Structured notes have come into vogue, as they always do when there's turmoil in the stock market, explains
Wall Street Journal columnist Jason Zweig.
The CBOE Volatility Index (VIX) has soared 82 percent in the past month.
But be careful before investing in structured notes, as they can carry great risk, he writes.
A structured note is unsecured debt issued by a bank or brokerage firm. The performance of other assets, generally stocks or market indexes, dictates the amount of your return.
The idea is to limit or erase your exposure to losses while offering you a piece of potential gains. That would obviously be helpful in environments like the current one.

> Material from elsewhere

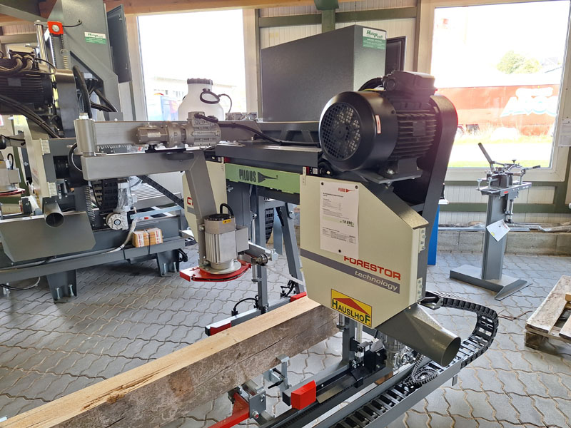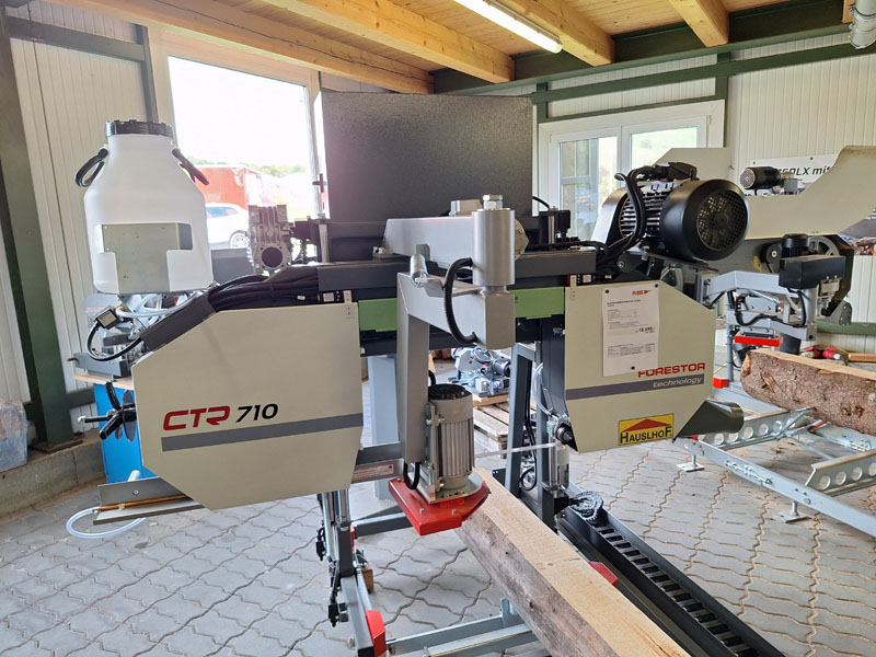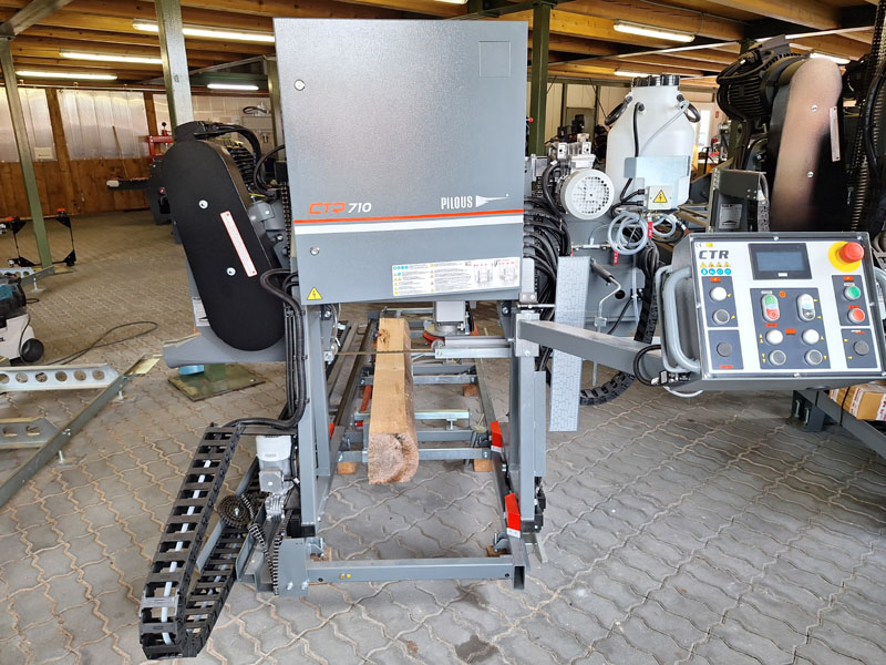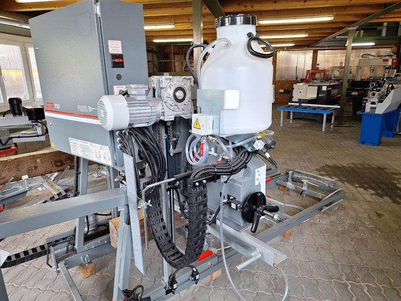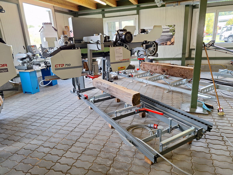 Solide Blockbandsäge für einen Stammdurchmesser bis 71 cm mit Verlängerungssektionen unbegrenzt erweiterbar. Automatischer Vorschub mit stufenloser Geschwindigkeit. Elektrische Höhenverstellung vom Bedienerpult aus zu regeln. 3,8-Zoll-Touch-LCD-Display für die Höhenverstellung. Beidseitig aufgehängtes Sägeaggregat für mehr Stabilität und bessere Präzision. CE geprüft.

"But whether you should buy them depends on the exact terms of each note—and on whether you can trust your adviser when he says he understands them," Zweig says.
"They are sometimes marketed by less-scrupulous financial advisers as a kind of high-yield, low-risk, backdoor way to own stocks, even though regulators have warned that investors can get burned."
William Droms, co-chairman of Droms Strauss Advisors, an investment advisory firm, offers a mixed picture of structured notes.
"If used appropriately, [they] can provide an investor with a pre-determined amount of upside potential and decreased risk," he writes on MarketWatch.
"But structured notes are certainly not risk free. The first and most important risk to assess is the credit risk of the issuer. Since structured notes are bonds backed by the issuing bank, if the issuer defaults, bondholders become unsecured creditors of the bank."